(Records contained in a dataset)
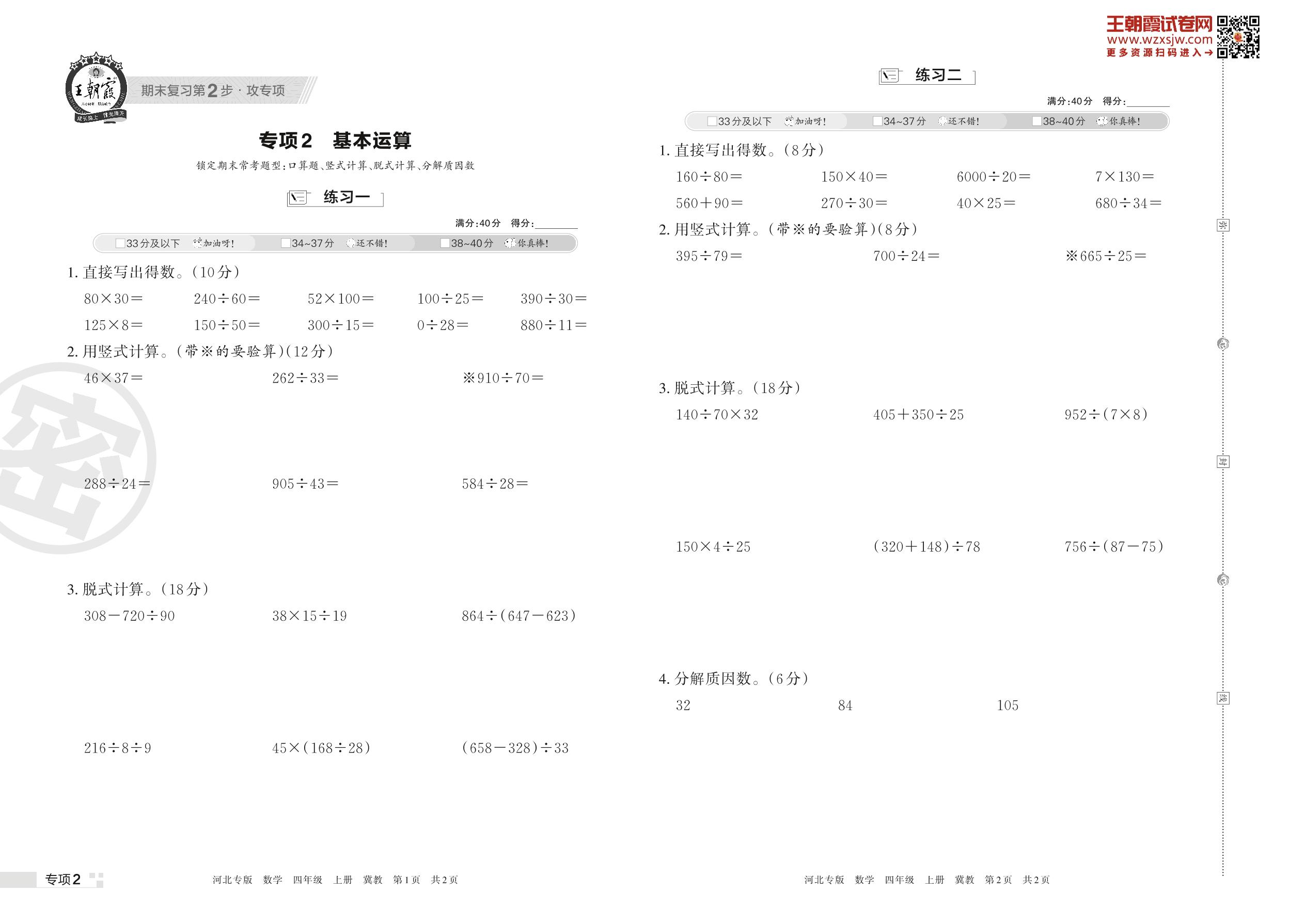 王朝霞期末专项卷——基本运算四年级上册数学(冀教版)【2】
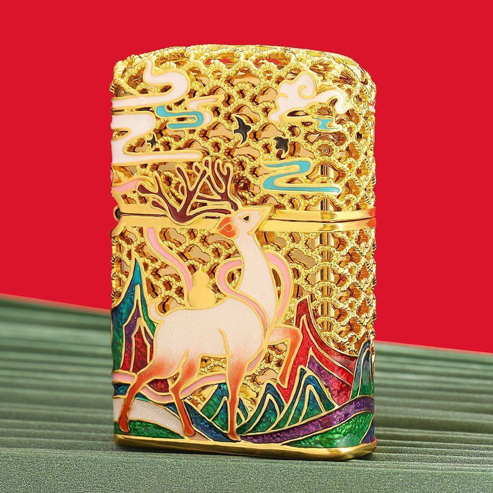 福鹿东升煤油打火机珐琅彩国潮创意防风个性砂轮送人好友父亲礼品
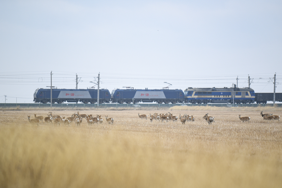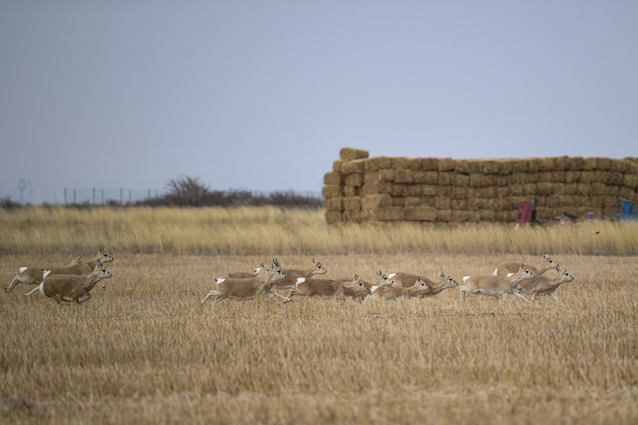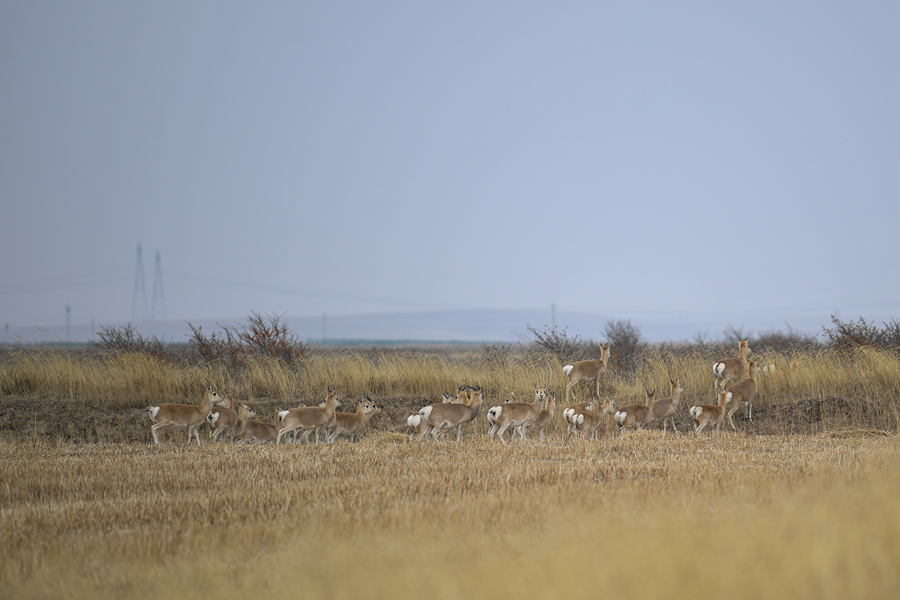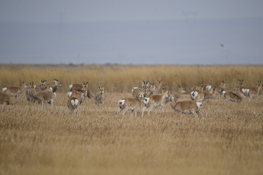 11月20日,一群普氏原羚在青海湖普氏原羚特護區(qū)內(nèi)活動。新華網(wǎng) 潘彬彬 攝
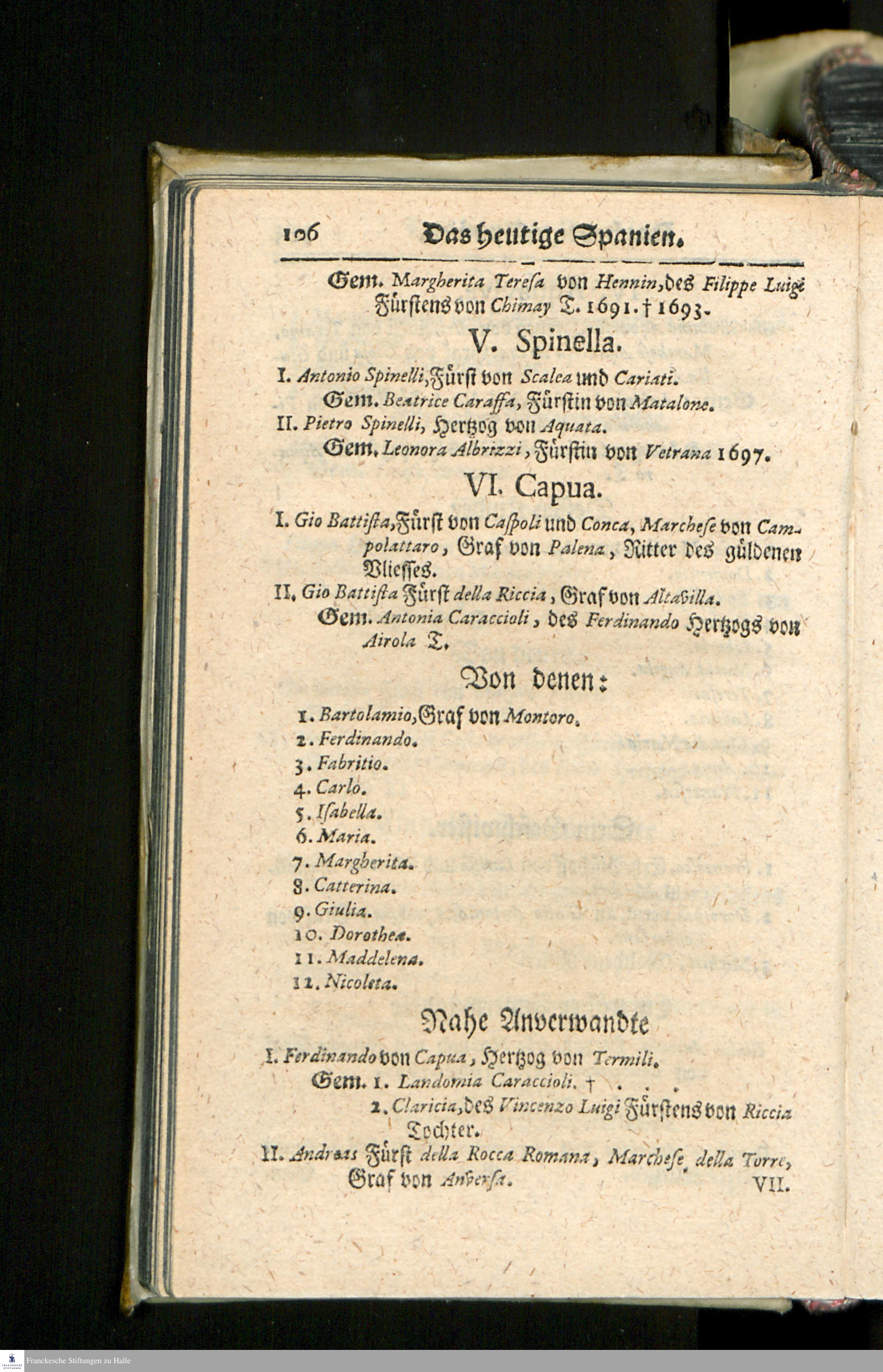 Die heutigen Christlichen Souverainen Von Europa, Das ist: Ein kurtzer Genealogischer und Politischer Abriß/ : Darinnen des Heil. Röm. Reiches/ aller Königreiche/ Staaten und Souverainen Fürsten von Europa Historische Haupt-Periodi, ... : Nebst ieden Landes angehengten berühmten Familien, Ritter-Orden/ Societeten und hin und wieder subsistirenden Gesandten/ nach Geographischer Ordnung vorgestellet worden/ ...
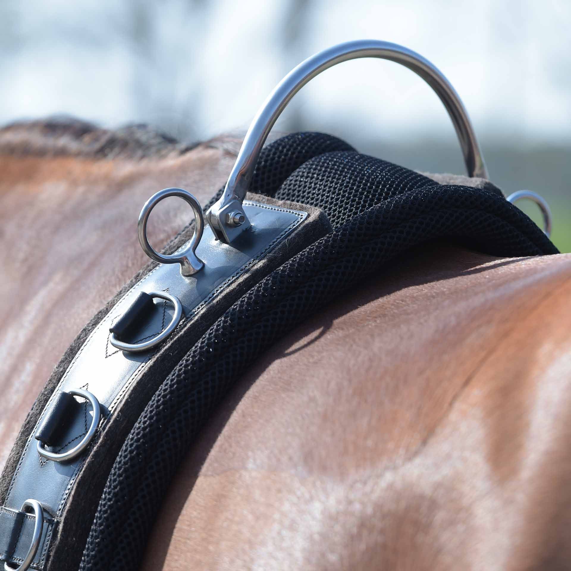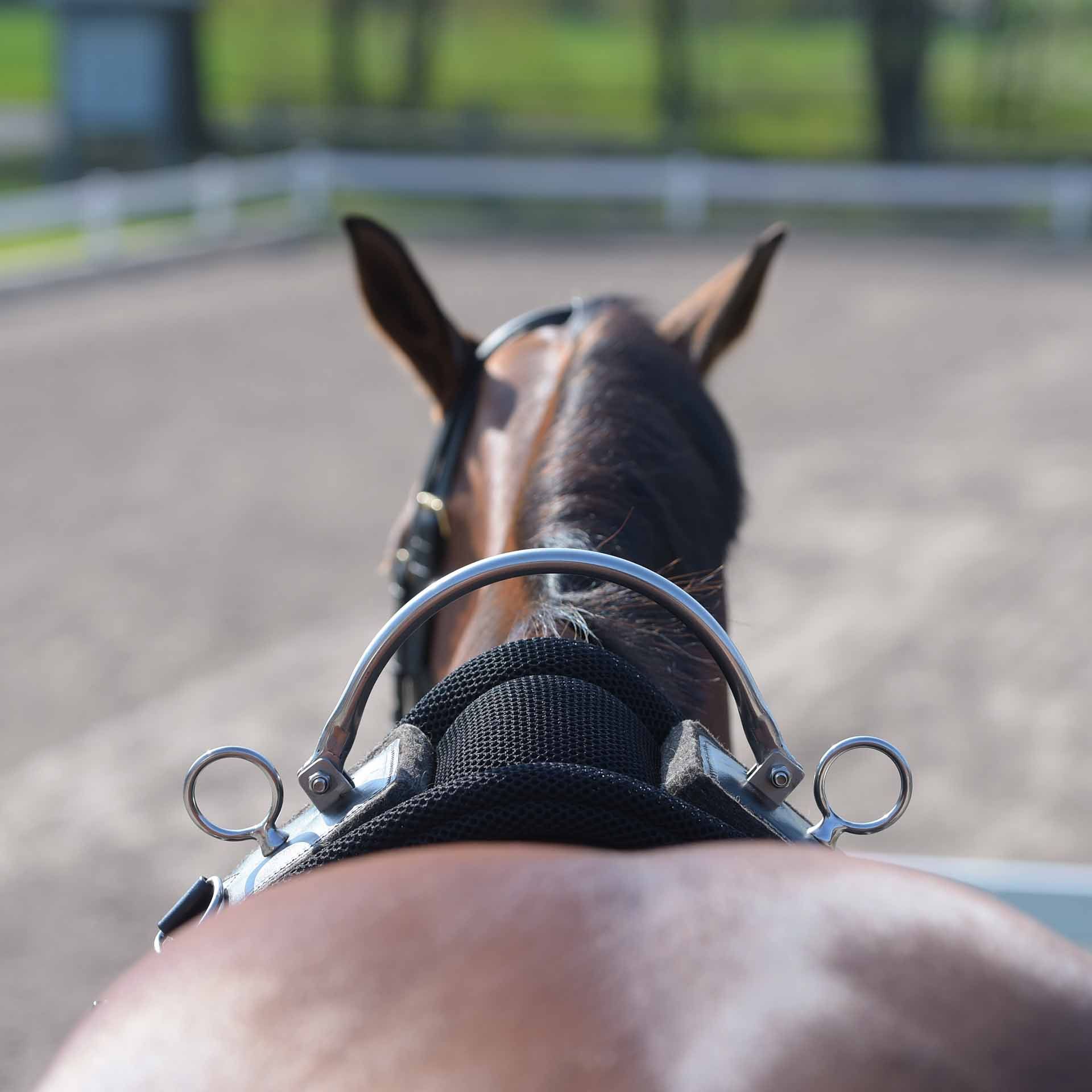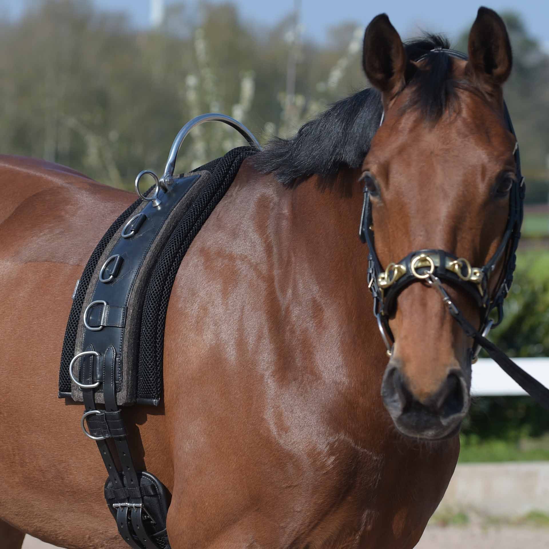 - mit Schabracke und allen herkömmlichen Longiergurtunterlagen verwendbar, kann ebenfalls über einen Sattel gegurtet werden

● About this task
Every record above should be set down exactly, with the pictures left out.

● Answer area
 王朝霞期末专项卷——基本运算四年级上册数学(冀教版)【2】
 福鹿东升煤油打火机珐琅彩国潮创意防风个性砂轮送人好友父亲礼品
 11月20日,一群普氏原羚在青海湖普氏原羚特護區(qū)內(nèi)活動。新華網(wǎng) 潘彬彬 攝
 Die heutigen Christlichen Souverainen Von Europa, Das ist: Ein kurtzer Genealogischer und Politischer Abriß/ : Darinnen des Heil. Röm. Reiches/ aller Königreiche/ Staaten und Souverainen Fürsten von Europa Historische Haupt-Periodi, ... : Nebst ieden Landes angehengten berühmten Familien, Ritter-Orden/ Societeten und hin und wieder subsistirenden Gesandten/ nach Geographischer Ordnung vorgestellet worden/ ...
 - mit Schabracke und allen herkömmlichen Longiergurtunterlagen verwendbar, kann ebenfalls über einen Sattel gegurtet werden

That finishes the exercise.